Posted: by The Editor

Texas musician Hannah Read has been releasing warm, visceral songs under the name Lomelda since 2016. Much like the project’s name, which Read has said is a made-up word meaning “the echo of the stars,” its songs are ethereal. It’s not uncommon for them to be as forceful as a scream, but delivered just above a whisper. Read has never needed to overdo anything to get her point across. On Hannah, her newest LP, Read has taken the intimate nature of her songwriting even further. Much of its content feels pressed against her soul. Her words may be audible to us, but they’re being sung for her. The record was recorded and scrapped three separate times, and that commitment to getting things just right more than paid off. 

This is especially true of “Hannah Sun.” The record’s final single is possibly the best thing Read has ever done. Thematically about a struggle to connect with others, she sings of a life full of travel and seems to leave pieces of herself in each city named. The wistful mood builds before all falls away but Read’s voice. The last line “Hannah, do no harm” is one that will immediately catch you. Read is reminding herself of this, but it makes you look reflexively at your own behavior. Read’s name-checking on the closer, the tranquil “Hannah Please,” focuses less on her connecting to other people, but to the world at large. It leaves us with a promise, “Swear I try / I’ll be sky / Somehow.”

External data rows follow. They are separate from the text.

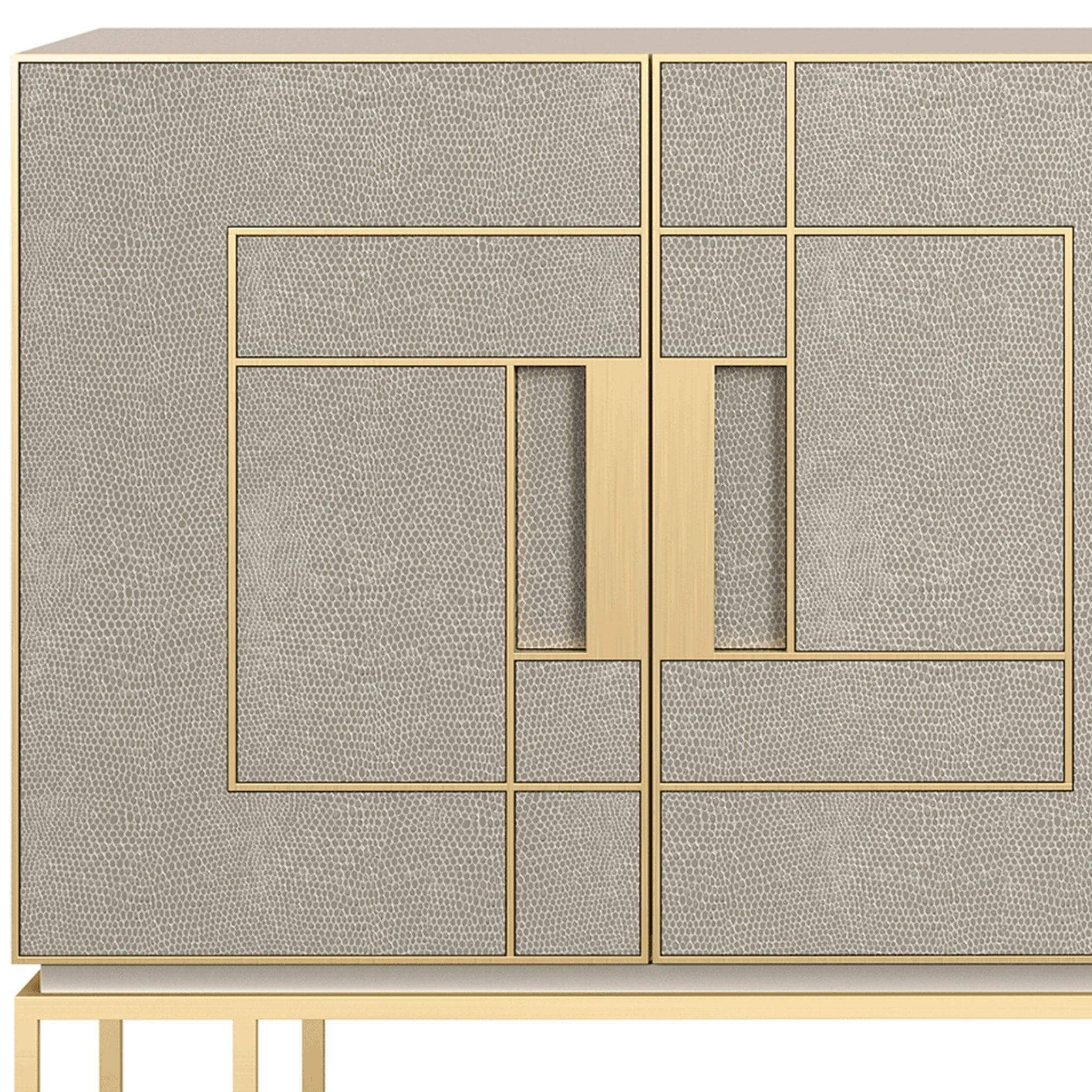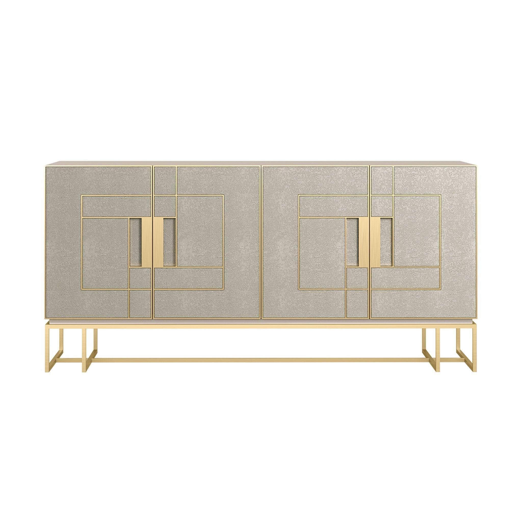 The Piemont Leather and brushed brass leather sideboard is an impressive storage piece. The front of all four doors is inlaid with Cream embossed python genuine leather and set with brushed brass details.
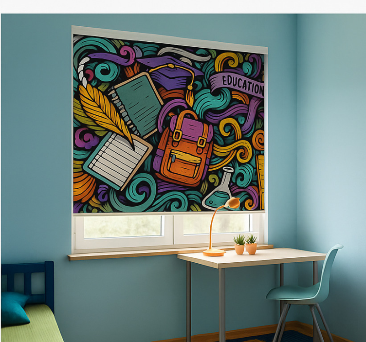 Referencia: E5854¡Descubre el fascinante Estor enrollable juvenil objetos abstractos coloridos! Este diseño vibrante presenta formas geométricas y colores alegres que aportan un toque moderno y fresco a cualquier habitación juvenil. Con su estilo contemporáneo, este estor es perfecto para aquellos que buscan un ambiente divertido y dinámico, ideal para estimular la creatividad y la energía positiva en el espacio.
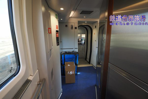 | こちらは先に出て行った編成の写真で戸窓の表記が異なっていた。 乗降扉はプラグドアで開くと下部の外部ステップが出てくる。 床面が低いタルゴ車両であるがホームが低いので高低差が大きい。 |
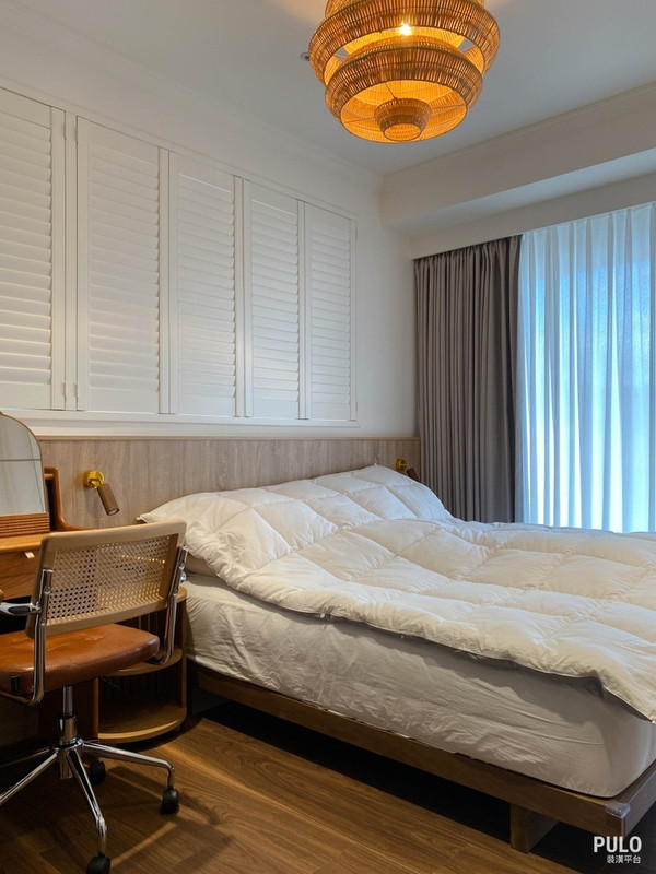 主臥有兩面採光,床頭後方也保留了一整片窗戶。
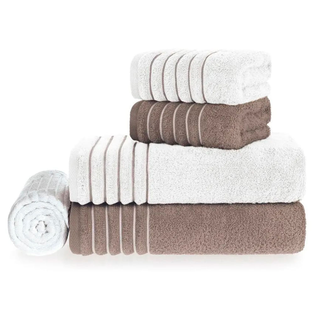 Jogo de Toalhas de Banho com 05 Peças Vision Dual Air Branca e Cinza - Buddemeyer
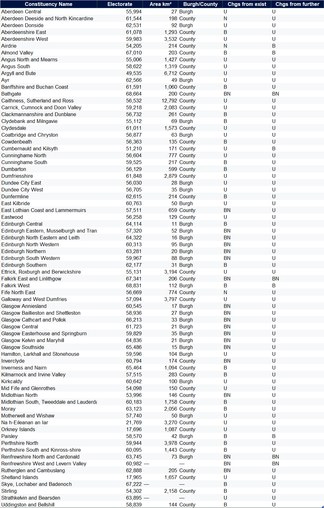 The overall impact of the changes means the range of electors per constituencies has been narrowed. While Argyll & Bute, the smallest constituency (outside of the three protected constituencies), still has 49,535 electors, the largest now has 68,871 (Almond Valley), down from 76,337 (Linlithgow).
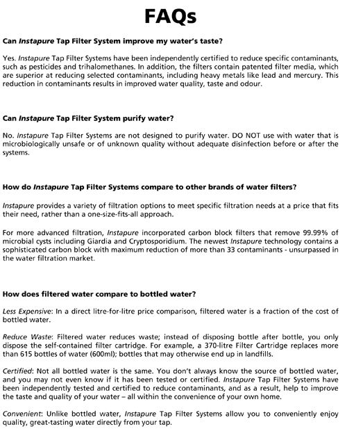 Instapure Tap Filter Systems can reduce chlorine, harmful trihalomethanes and other contaminants in our water. You can even skip boiling, drinking straight from the filter.
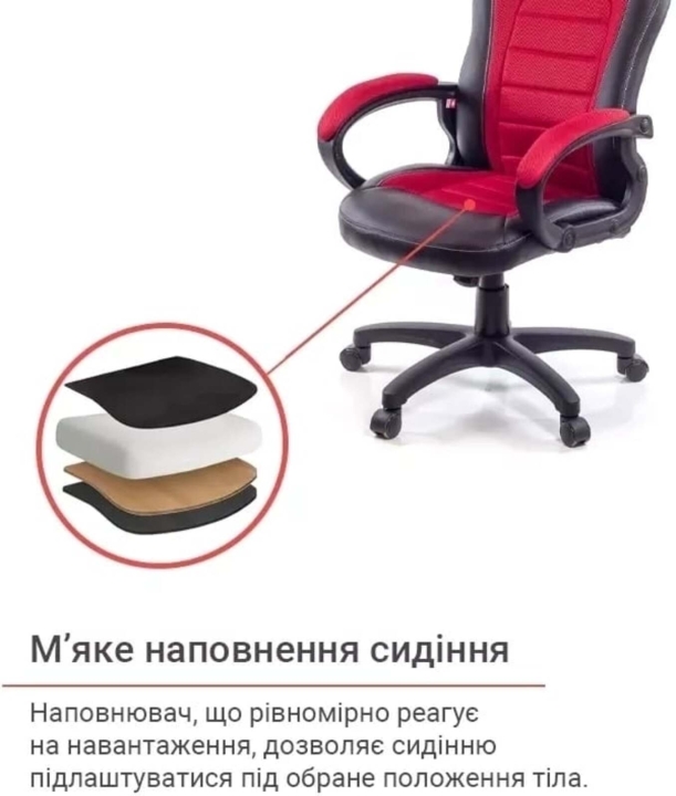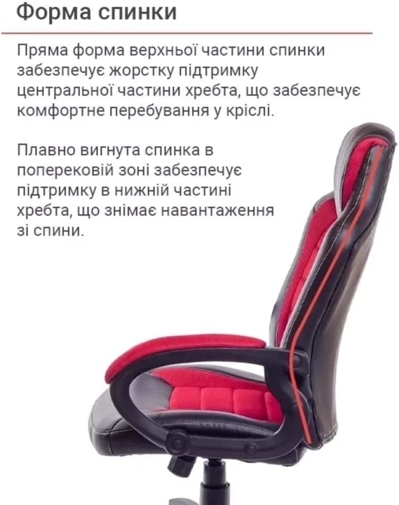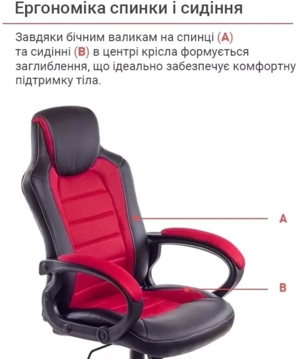 Крісло геймерське АКЛАС Астон PL TILT підліткове (Чорний PU/Червоний) - за формою схоже з кріслом в салоні авто Астон Мартін. Присівши в нього, можна легко уявити себе за кермом цієї легендарної машини. Симпатичне і яскраве, це стильне геймерське крісло притягує до себе погляди наших покупців. Ця компактна модель поєднує в собі модний дизайн, високоякісні матеріали і правильні механізми. Астон підійде для підлітків і людей невисокого зросту. Ви гідно зможе оцінити зручність і простоту в експлуатації цієї моделі. Дизайн. Зовнішнім виглядом крісло Астон підтверджує свою приналежність до лінійки "геймерських" крісел. Контрастні по виду й текстурі оббивні матеріали відмінно поєднуються між собою і гармонійно доповнюють один одного. Прострочка білою ниткою обрамляє основні деталі крісла та підкреслює його силует. Таке крісло відмінно впишеться в кімнату підлітка і також органічно виглядатиме в сучасному офісному інтер'єрі. Оббивка. Оббивка крісла Антарес комбінована. Сітчаста акрилова тканина обрамлена по зовнішньому краю сидіння і спинки якісною екошкірою чорного кольору. Розташування тканинних вставок не випадково, вони знаходяться в місцях максимального контакту з тілом. Завдяки сітчастій структурі тканина володіє відмінними "дихаючими" властивостями, добре пропускає повітря і відводить вологу - сидіти в такому кріслі буде комфортно при будь-яких температурних умовах. Екошкіра - це сучасний високотехнологічний матеріал на бавовняній основі. Він досить міцний і еластичний, приємний на дотик. Вставки з екошкіри розташовані в тих місцях, на які припадають максимальні механічні навантаження і де матеріал найшвидше зношується - на згинах, по краях сидіння. Так як екошкіра більш міцна і проста в догляді, вона довше буде залишатися в доброму стані і берегти зовнішній вигляд крісла. Механізми. У даній моделі встановлений сучасним механізм гойдання Tilt. Цей популярний механізм забезпечує можливість переривати роботу або гру приємними сеансами розслаблення, не встаючи з улюбленого крісла. Механізм регулюється під вагу користувача за допомогою спеціального гвинта під сидінням. Газліфт допоможе встановити оптимальну для вашого зросту висоту посадки. Підлокітники. У даній моделі встановлені масивні пластикові підлокітники округлої форми. М'які накладки подарують вашим рукам комфортну і надійну опору. Гарний чорний колір пластику відмінно гармонує як з оббивкою, так і з хрестовиною, що робить зовнішній вигляд крісла лаконічним і завершеним. Висота підлокітників дозволяє задвинути крісло під робочий стіл стандартної висоти, що звільняє навколишній простір. Хрестовина. Пластикова хрестовина такого ж чорного кольору виготовлена з міцного пластику.
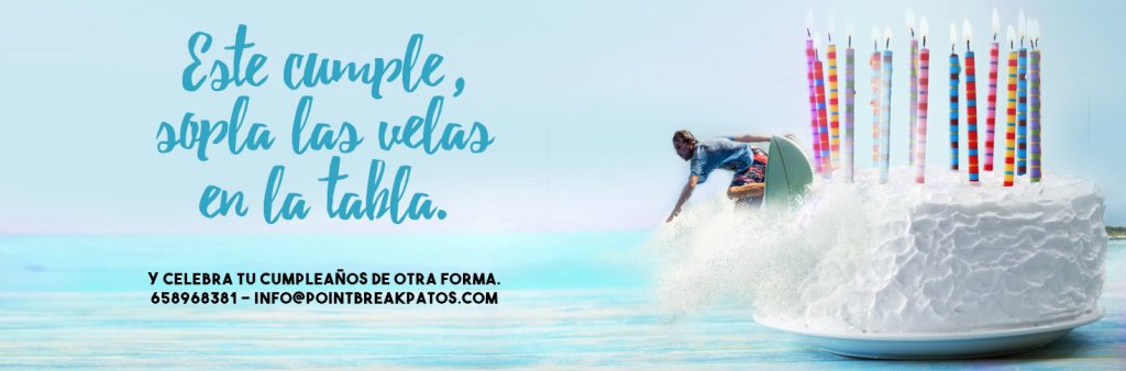 Cumpleaños Este año, haz algo diferente. Celebra tu cumpleaños con olas. Y sopla las velas sobre la tabla. GRUPOS REDUCIDOS PROFESORES TITULADOSCLASES DE INICIACIÓN O BAUTISMOCONVITE EN NUESTRO LOCALMATERIAL DE SURF INCLUIDO —— 20 € POR INVITADO ——

Read’s previous record M for Empathy was notably sparse in its arrangement, with no drums throughout. This approach has been sidelined here, and some of the record’s finest moments reach the heights they do precisely because of their percussion. Songs like “Both Mode” and “Reach” are made into proper rock songs that shift and build. 

“It’s Lomelda” moves at the pace of contemplation and touches on the names of two artists who seem to be vague influences on the record itself. Frankie Cosmos is the more obvious parallel, with their similarly floating indie rock arrangements. Despite their musical differences, I still see echoes of Frank Ocean, particularly in how he’s able to capture emotion. The mood in Read’s voice, like Ocean’s own delivery, is so palpable that you experience them feeling the weight of their own words. Take the lyrics in one of Hannah’s highlights, “It’s Infinite.” They don’t paint the complete picture, only giving us brief glimpses into the world Read is encountering, but we still get a feel for how she feels interacting with it. We still understand what she is understanding at that moment. 

Hannah is from its title to its execution, the most thoughtful self-titled record in recent memory. So often eponymous releases are used as a filler in a band’s later career, no reason behind it, just a lack of creativity. Hannah is a letter to Read herself, full of mantras to live by, and is truly named after herself. She could have named it after the project, but giving it her first name is even more poignant.